» **INPUT RECORDS**
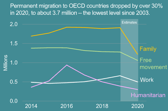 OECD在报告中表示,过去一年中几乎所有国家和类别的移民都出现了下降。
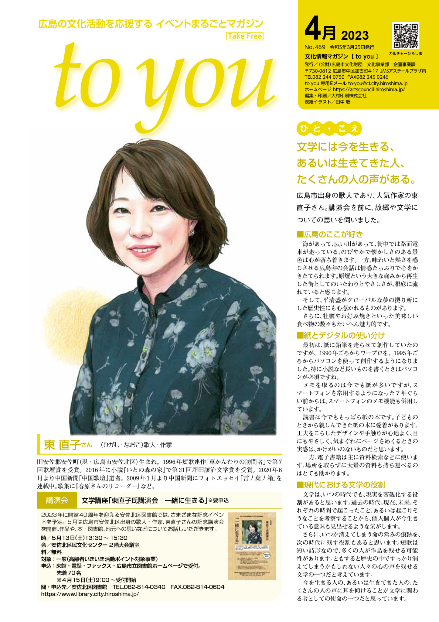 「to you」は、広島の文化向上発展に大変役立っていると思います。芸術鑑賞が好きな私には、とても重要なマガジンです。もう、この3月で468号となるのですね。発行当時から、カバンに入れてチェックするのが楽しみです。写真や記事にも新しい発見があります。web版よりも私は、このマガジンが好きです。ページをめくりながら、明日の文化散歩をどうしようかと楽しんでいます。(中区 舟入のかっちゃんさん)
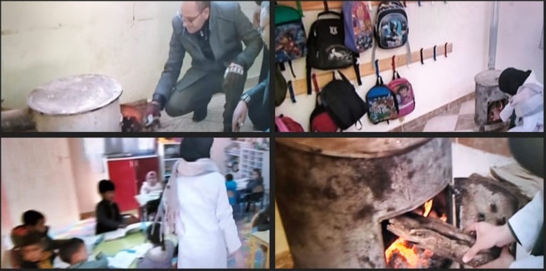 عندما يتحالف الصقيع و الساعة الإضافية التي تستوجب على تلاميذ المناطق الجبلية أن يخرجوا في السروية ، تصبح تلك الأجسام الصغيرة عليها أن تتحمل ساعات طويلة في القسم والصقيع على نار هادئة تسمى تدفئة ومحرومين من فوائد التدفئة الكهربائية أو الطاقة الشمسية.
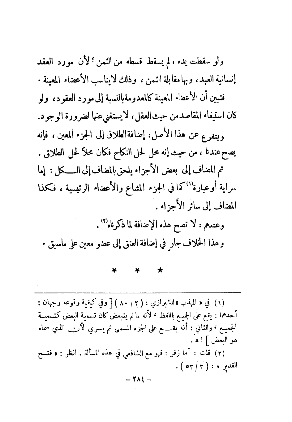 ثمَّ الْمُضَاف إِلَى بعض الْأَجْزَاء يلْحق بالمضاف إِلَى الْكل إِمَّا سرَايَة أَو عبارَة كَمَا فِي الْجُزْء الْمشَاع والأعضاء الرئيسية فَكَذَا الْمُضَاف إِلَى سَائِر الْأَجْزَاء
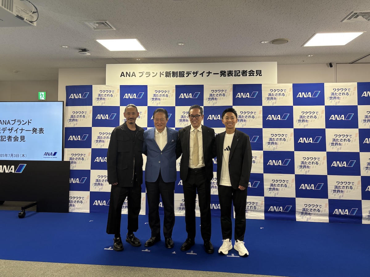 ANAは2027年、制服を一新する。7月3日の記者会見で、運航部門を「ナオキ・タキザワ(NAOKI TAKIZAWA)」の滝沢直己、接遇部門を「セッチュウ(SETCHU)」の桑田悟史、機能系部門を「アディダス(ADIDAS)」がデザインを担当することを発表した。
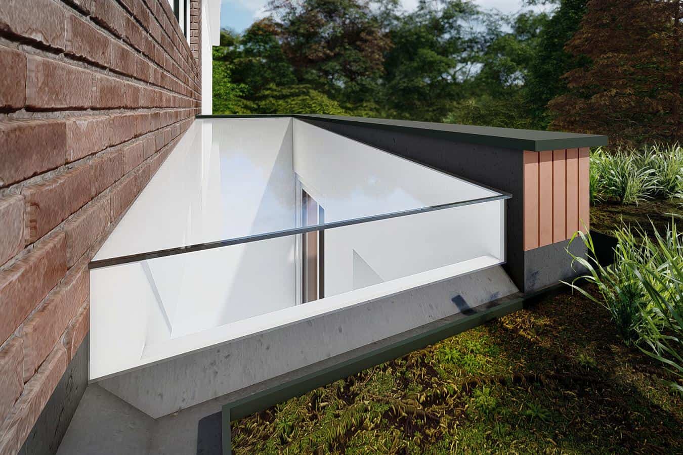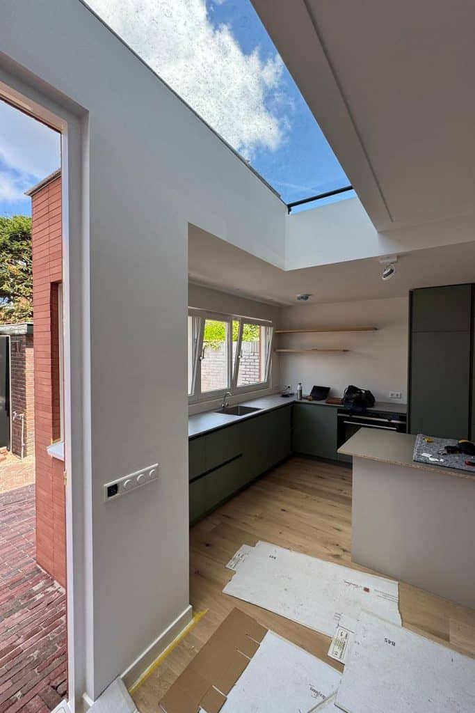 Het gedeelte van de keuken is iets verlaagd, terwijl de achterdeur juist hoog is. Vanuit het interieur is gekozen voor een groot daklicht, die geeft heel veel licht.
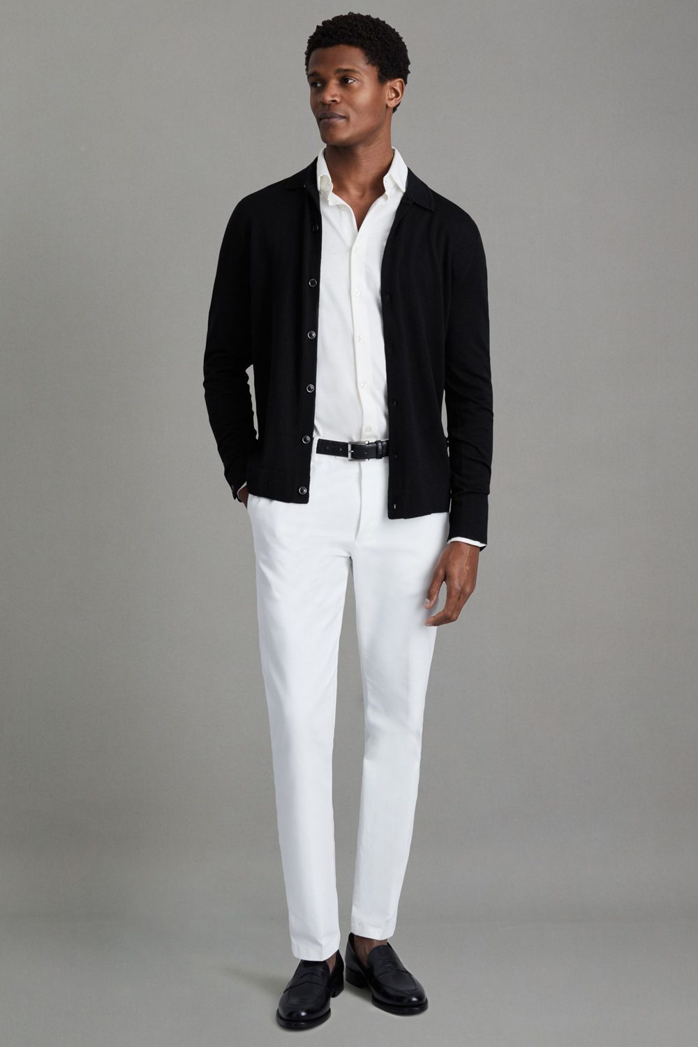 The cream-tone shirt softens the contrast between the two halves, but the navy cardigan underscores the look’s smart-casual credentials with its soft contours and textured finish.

---

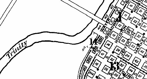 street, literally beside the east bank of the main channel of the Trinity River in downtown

...

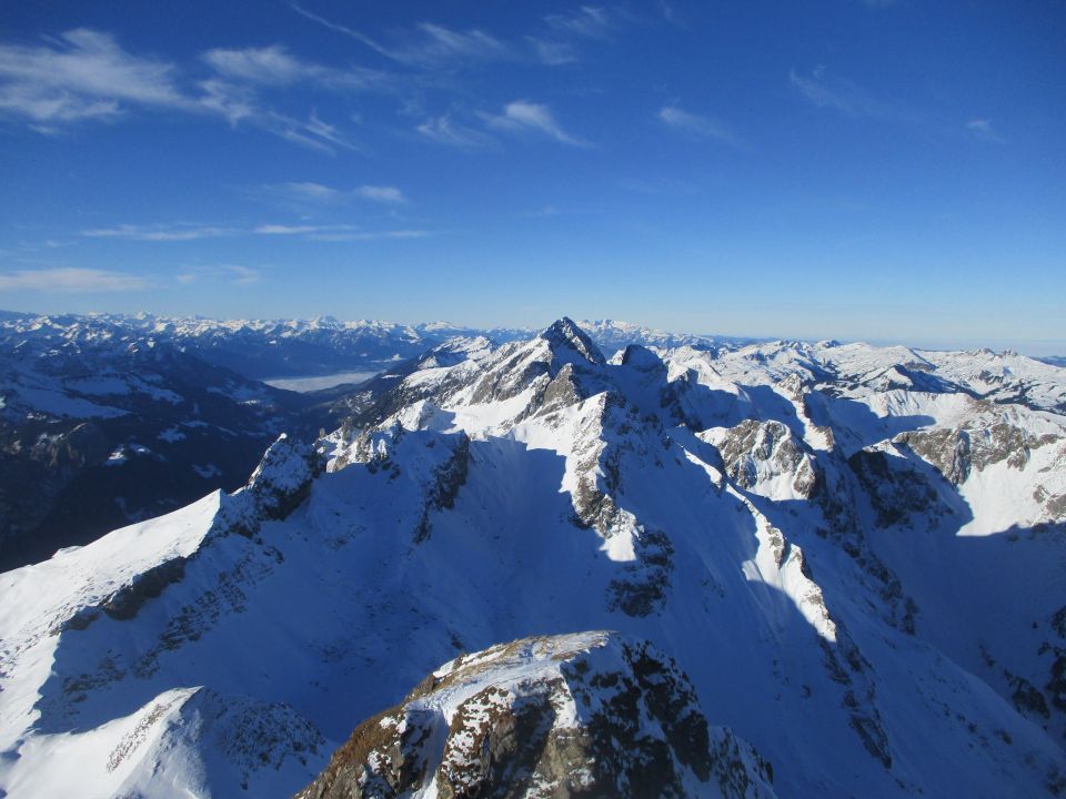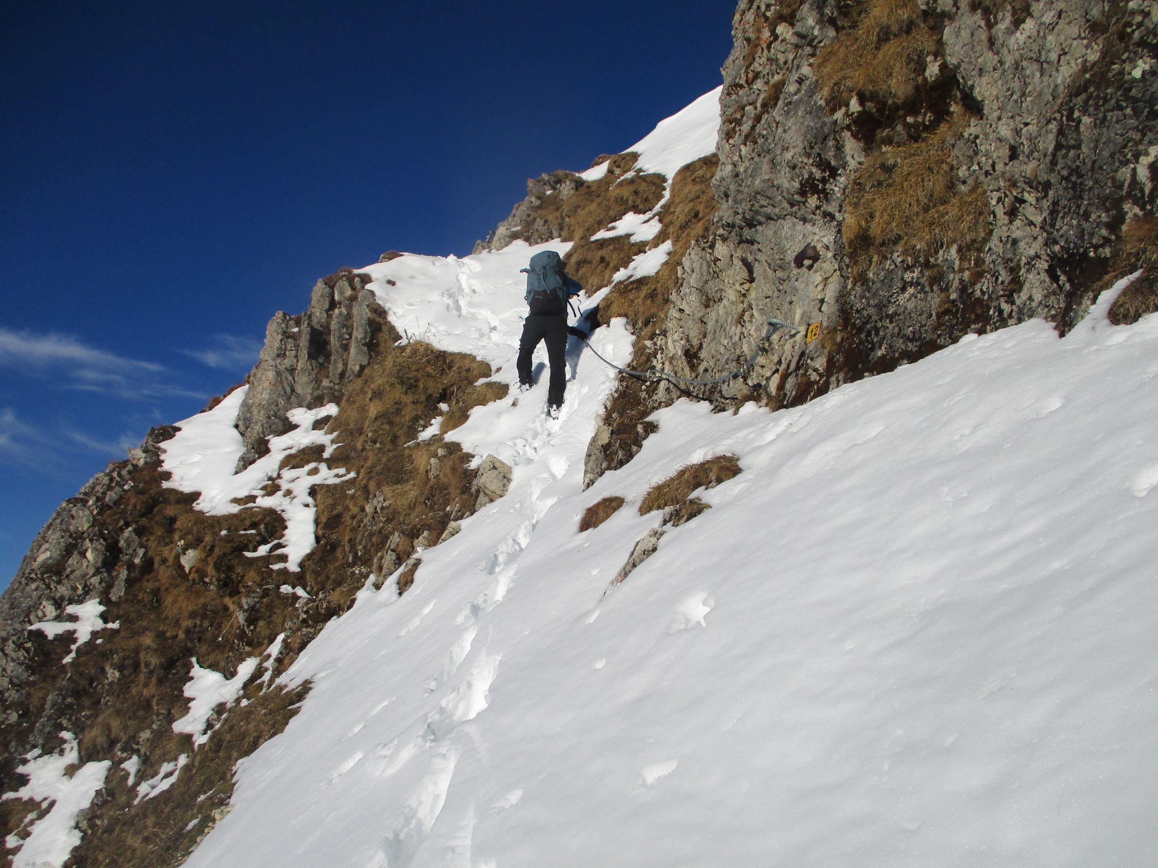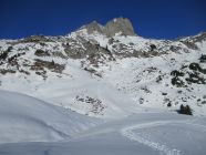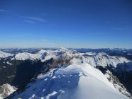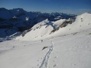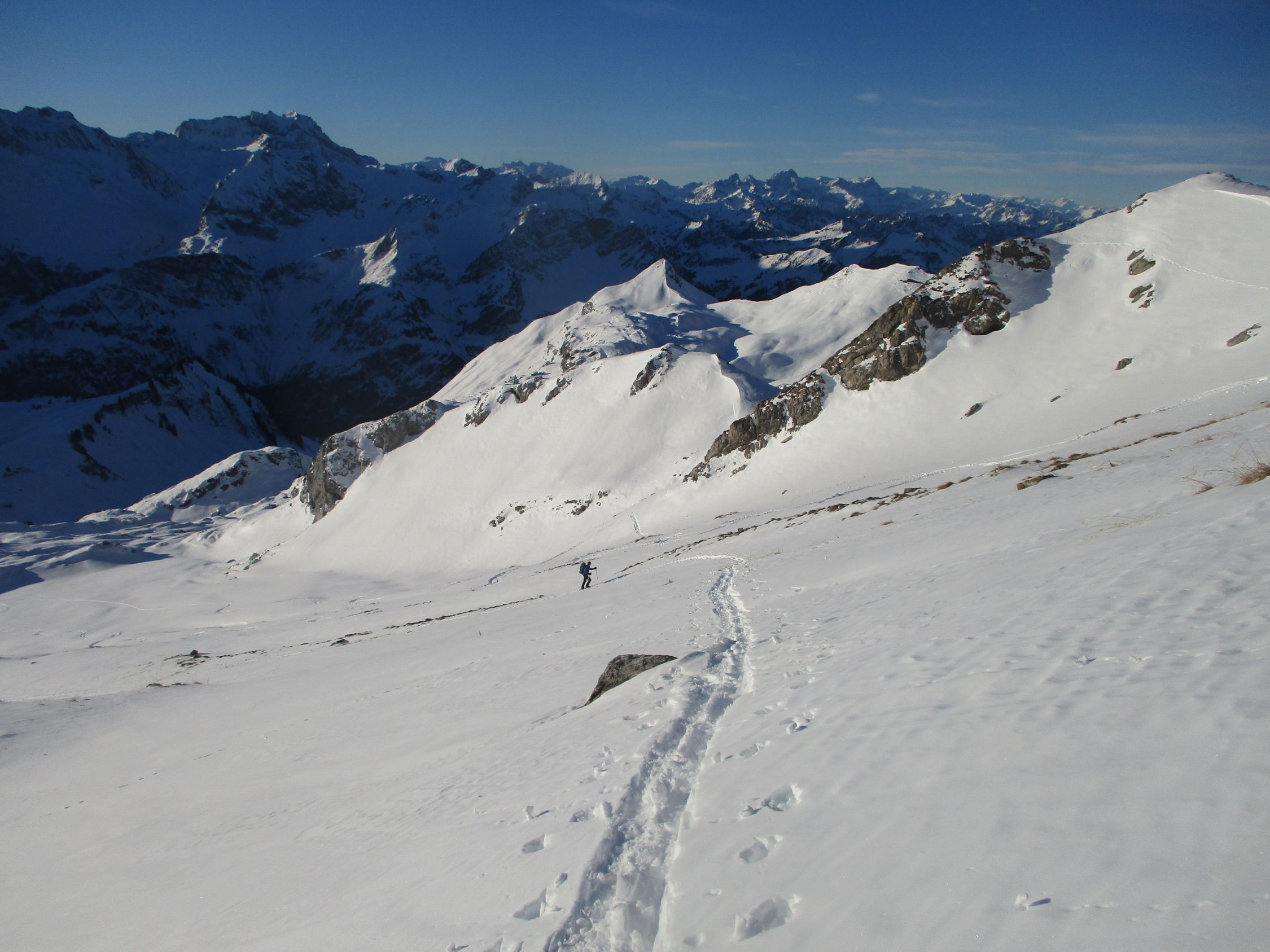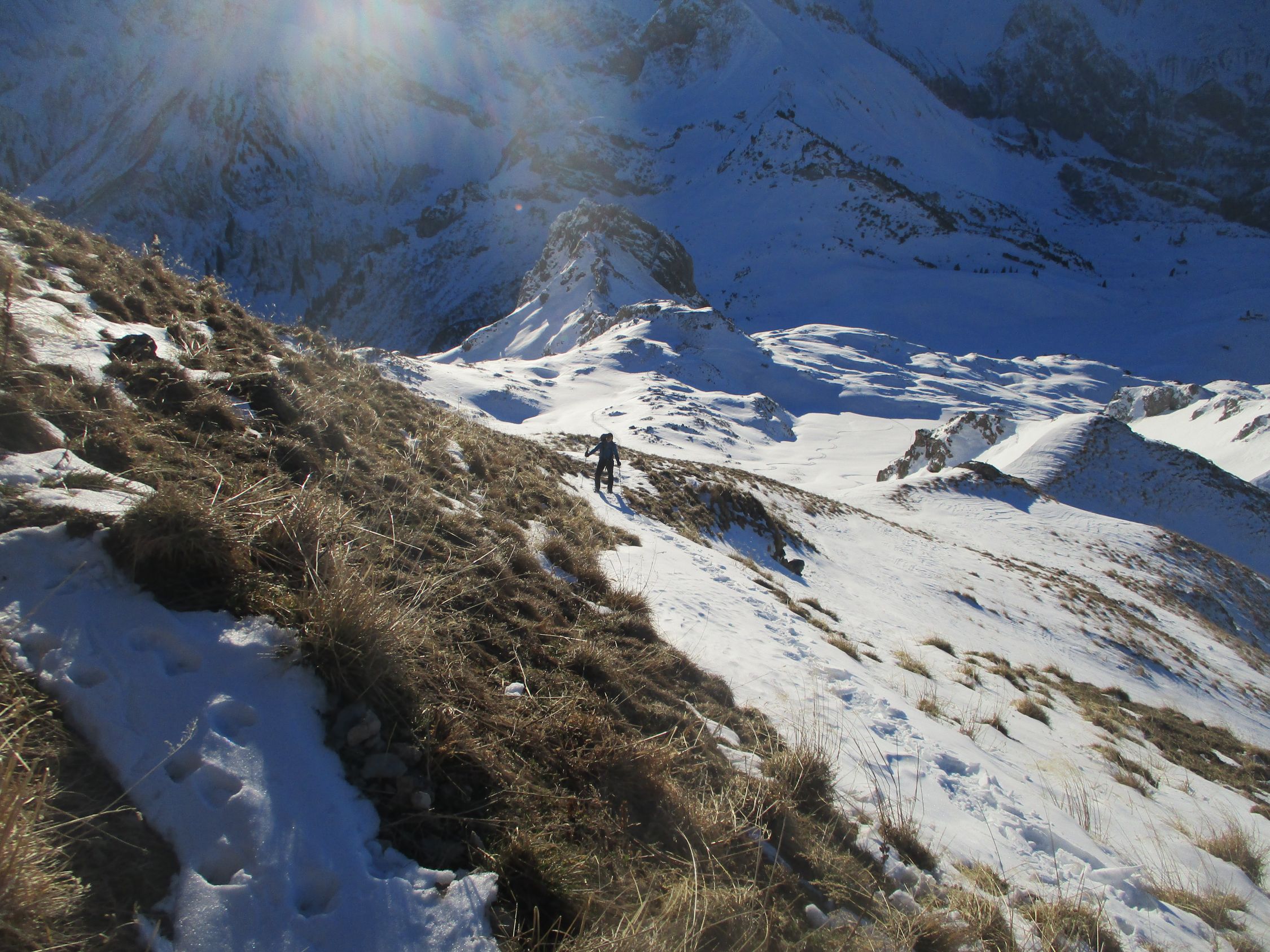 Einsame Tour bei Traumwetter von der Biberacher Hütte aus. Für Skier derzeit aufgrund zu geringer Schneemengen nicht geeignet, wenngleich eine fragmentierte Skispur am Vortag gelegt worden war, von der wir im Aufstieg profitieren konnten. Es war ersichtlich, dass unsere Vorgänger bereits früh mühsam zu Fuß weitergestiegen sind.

» **WHAT THE TASK REQUIRES**
Although the records hold pictures, the copy must not; give again exactly the lines from the one with "OECD在报告中表示,过去一年中几乎所有国家和类别的移民都出现了下降。" through the one with "The cream-tone shirt".

» **WRITTEN RESPONSE**
 OECD在报告中表示,过去一年中几乎所有国家和类别的移民都出现了下降。
 「to you」は、広島の文化向上発展に大変役立っていると思います。芸術鑑賞が好きな私には、とても重要なマガジンです。もう、この3月で468号となるのですね。発行当時から、カバンに入れてチェックするのが楽しみです。写真や記事にも新しい発見があります。web版よりも私は、このマガジンが好きです。ページをめくりながら、明日の文化散歩をどうしようかと楽しんでいます。(中区 舟入のかっちゃんさん)
 عندما يتحالف الصقيع و الساعة الإضافية التي تستوجب على تلاميذ المناطق الجبلية أن يخرجوا في السروية ، تصبح تلك الأجسام الصغيرة عليها أن تتحمل ساعات طويلة في القسم والصقيع على نار هادئة تسمى تدفئة ومحرومين من فوائد التدفئة الكهربائية أو الطاقة الشمسية.
 ثمَّ الْمُضَاف إِلَى بعض الْأَجْزَاء يلْحق بالمضاف إِلَى الْكل إِمَّا سرَايَة أَو عبارَة كَمَا فِي الْجُزْء الْمشَاع والأعضاء الرئيسية فَكَذَا الْمُضَاف إِلَى سَائِر الْأَجْزَاء
 ANAは2027年、制服を一新する。7月3日の記者会見で、運航部門を「ナオキ・タキザワ(NAOKI TAKIZAWA)」の滝沢直己、接遇部門を「セッチュウ(SETCHU)」の桑田悟史、機能系部門を「アディダス(ADIDAS)」がデザインを担当することを発表した。
 Het gedeelte van de keuken is iets verlaagd, terwijl de achterdeur juist hoog is. Vanuit het interieur is gekozen voor een groot daklicht, die geeft heel veel licht.
 The cream-tone shirt softens the contrast between the two halves, but the navy cardigan underscores the look’s smart-casual credentials with its soft contours and textured finish.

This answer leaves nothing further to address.